Anomalous BGP announcements and the massive Facebook outage

Earlier today, Facebook experienced a 6 hour long outage that took out several services including Facebook, WhatsApp and Instagram. This is the not the first time that Facebook has had a significant outage, in 2015, Instagram’s TLS certificate expired, a software bug caused an outage in 2016 and in 2019, a server misconfiguration caused a massive outage that was only fully resolved 24 hours later.

The internet is a network of networks, which require the use of protocols like Border Gateway Protocol (BGP) so that these networks can tell other networks to how to route traffic to and from them. Providers use BGP to determine which networks their traffic is routed through taking into account cost and speed.

The root cause of this outage was a BGP mishap that started at roughly 15:30 UTC when the first set of BGP announcements for various prefixes were made, at 15:39 UTC a series of BGP announcements were observed including various route withdrawal requests and at 15:42, a large amount of BGP route withdrawals took place. BGP withdrawals effectively withdraw an announced route that was previously made.

Facebook has 2 ASN networks (AS32934 and AS63293) which have a combined total of 209 IPv4 prefixes and 305 IPv6 prefixes which cover a total of 158 208 IP addresses. Both ASNs were affected by this announcement and affected internal and external systems of services including Facebook, WhatsApp, and Instagram. Most notably Facebook’s DNS servers which serve all 3 services was also affected as the BGP route for the prefix that houses this critical piece of infrastructure was withdrawn. As a result, important core, and internal services were not reachable. This meant that any requests internally or externally would fail as DNS is a core building block of network infrastructure.
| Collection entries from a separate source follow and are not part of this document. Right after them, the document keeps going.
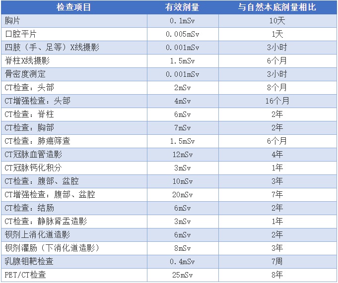 如1次胸片检查,平均有效剂量是0.1mSv,相当于10天的自然本底辐射剂量(生活环境中存在的天然射线的照射)。
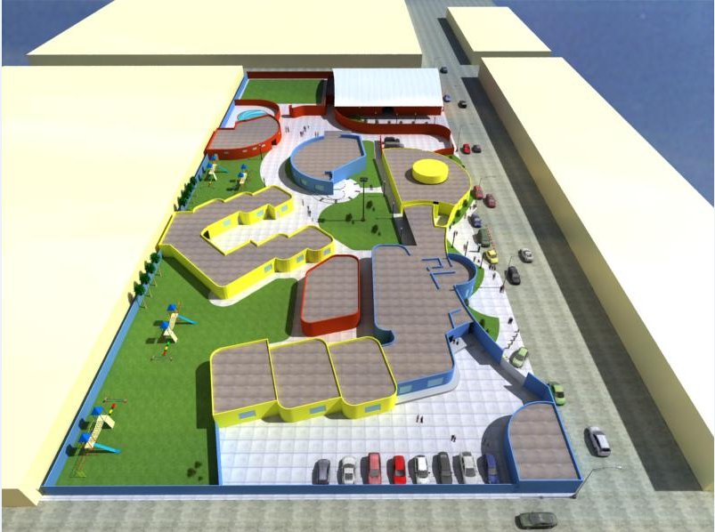 Top view of child day care elevation dwg file, garden area, play care upstairs , car parking
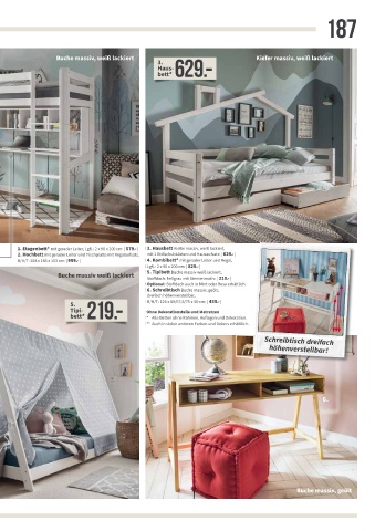 Kommt ins In diesen Holzarten 1. Etagenbett* mit gerader Leiter, Lgfl.: 2 x 90 x 200 cm: | 579.- | 3. Hausbett Kiefer massiv, weiß lackiert,
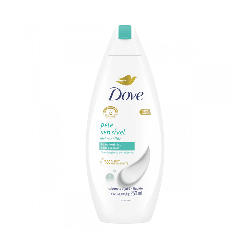 El Jabón Líquido Piel Sensible Dove se presenta en un envase de 250 ml, con un práctico dosificador que permite una aplicación higiénica y controlada. Su fórmula ha sido especialmente desarrollada para la higiene diaria de pieles sensibles, incluyendo aquellas con predisposición a irritaciones o sequedad.
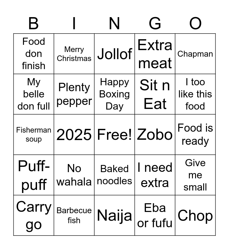 This bingo card has a free space and 29 words: Carry go, Urgent 2k, 2025, Sweet die!, Food don finish, Jollof, Plenty pepper, No wahala, Zobo, Barbecue fish, Food is ready, Chop, Naija, Eba or fufu, I too like this food, Palm wine, Baked noodles, Puff-puff, Chapman, Fisherman soup, I need extra, Ndylicious kitchen, Sit n Eat, My belle don full, Extra meat, Merry Christmas, Give me small, Happy Boxing Day and E no dey.

Shortly after the start of the outage, a member of the Facebook infrastructure team posted on Reddit that:

There are people now trying to gain access to the peering routers to implement fixes, but the people with physical access is separate from the people with knowledge of how to actually authenticate to the systems and people who know what to actually do, so there is now a logistical challenge with getting all that knowledge unified (sic).

In the animation below, you can see the initial BGP announcements for a small set of prefixes with some withdrawals made at 15:39 UTC followed by the large amount of withdrawals at 15:42 UTC. At 17:14 UTC, routes for a subset of prefixes were re-announced. At 21:19 UTC, a large number of prefixes were re-announced which re-established connectivity to the internet and by 22:00 UTC all services appeared to be operating normally.

Facebook BGP Announcements

During the outage, Facebook’s official status page at status.fb.com and the homepage of the registrar that Facebook uses was also not available. With no DNS resolution in place, no email could be sent or delivered, and internal tools were not usable. There were reports of Facebook employees that were unable to access the office as the access system was also affected. Due to the lack of DNS resolution, some registrars like GoDaddy displayed that Facebook.com was for sale which is a quirk in the way that domain tools handle this situation.

Lessons to be learned:

While we will have to wait for Facebook’s official post-mortem, it is certainly clear that the recovery of this situation was probably quite challenging and was exacerbated by the fact that the tools needed to fix the issue were unreachable by the respective engineers.  Engineers needed to gain physical access to the peering routers in data centers in order to authenticate to the systems that could resolve this issue. Restarting a large distributed system is very complicated which is further complicated if systems need to bootstrap from other systems that may not be available at the time that they are restarted.

All IT teams, especially those in charge of large complex networks should regularly run incident response tests to ensure that if such events occur, they are equipped to deal with them. These tests should also ensure that the required break glass processes are in place to deal with unusual events such as what happens when physical access control systems are not working. In 2019, a GPS time epoch roll-over occurred and some enterprises whose NTP sources relied on GPS time found themselves in a precarious situation when the time rolled back to 1980 and all their certificates stopped working.

In the past, issues with BGP have generally centered around a single bad route announcement or BGP hijacking which is enabled by the trust relationships that network operators have with each other. In 2017, a Russian controlled telco performed a BGP hijack on MasterCard, Visa and 2 dozen financial services and in 2018, hackers performed a BGP hijack of Amazon’s DNS to steal cryptocurrency. The issue of BGP hijacking can be solved with Resource Public Key Infrastructure (RPKI), however not all ISPs are RPKI compliant.

Event timeline:

  • 15:31 – First BGP announcement is observed on several prefixes
  • 15:39 – Several announcements were made including route withdrawal requests
  • 15:42 – A significant amount of BGP withdrawals requests are announced which also include prefixes of the DNS servers
  • 17:14 – The subset of prefixes are being re-announced to external networks
  • 21:19 – Many announcements are made to bring services online
  • 21:25 – DNS resolution is working but Facebook and WhatsApp are still inaccessible
  • 21:45 – WhatsApp starts sending notifications
  • 22:00 – All services appear to be restored

If you are interested in BGP, Facebook did a Usenix talk earlier this year speaking about how they do BGP.

This is a developing story and will be updated as new details emerge…